EURUSD opened with weak momentum on Monday, tiptoeing sideways within last week’s tight range of 1.0940-1.0988.
Despite the muted tone in the market, the technical picture remains encouraging. The price has been trading within a short-term bullish channel over the past month and slightly above its exponential moving averages (EMAs), while it recently secured a strong foothold around the 50% Fibonacci retracement of the 2021-2022 downtrend and the ascending line from October.
Meanwhile, some caution might be necessary as the RSI and the MACD seem to be losing impetus.
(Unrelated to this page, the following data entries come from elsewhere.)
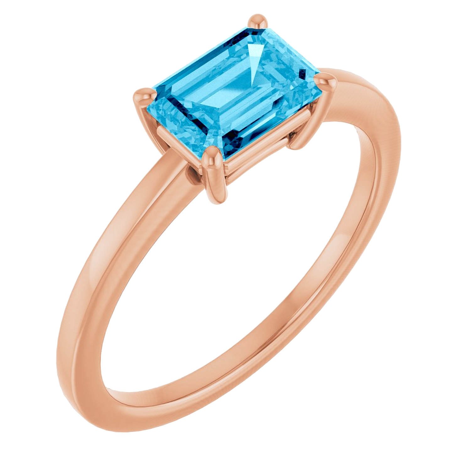 14K Gold 1 Carat Emerald Cut Natural Aquamarine Solitaire Ring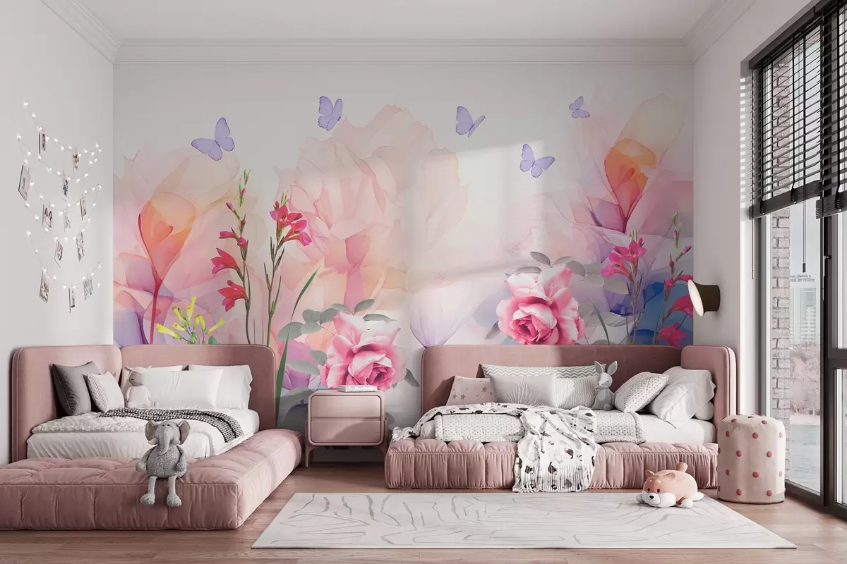 Fototapet Flori cu fluturi și trandafiri în stil acuarelă Nr. w09002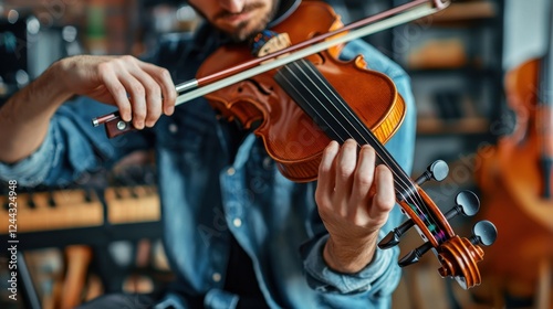 A man is playing a violin in a room with a keyboard

Yet, the former is still fluctuating comfortably above its 50 neutral mark, while the latter is also clearly above its zero line, endorsing the positive trajectory in the market.
If the bulls cross above the 1.0988 border, which they could not successfully claim in February, the recovery may speed up towards the channel’s upper boundary seen around 1.1130. A continuation above the 1.1183-1.1230 zone could then clear the way towards the 1.1365 resistance and the 61.8% Fibonacci of 1.1450.
Alternatively, the pair may come under renewed selling pressure if the 1.0940 support region collapses and the price slides below its 20-day EMA. If that proves to be the case, the 50-day EMA currently at 1.0825 may immediately attract attention ahead of the 1.0735-1.0700 area. Moving lower, the bears may next target the 200-day EMA and the 38.2% Fibonacci level of 1.0609.
In brief, the short-term risk for EURUSD remains skewed to the upside, sustaining hopes for a bounce up to the channel’s upper bar despite the latest horizontal move in the price.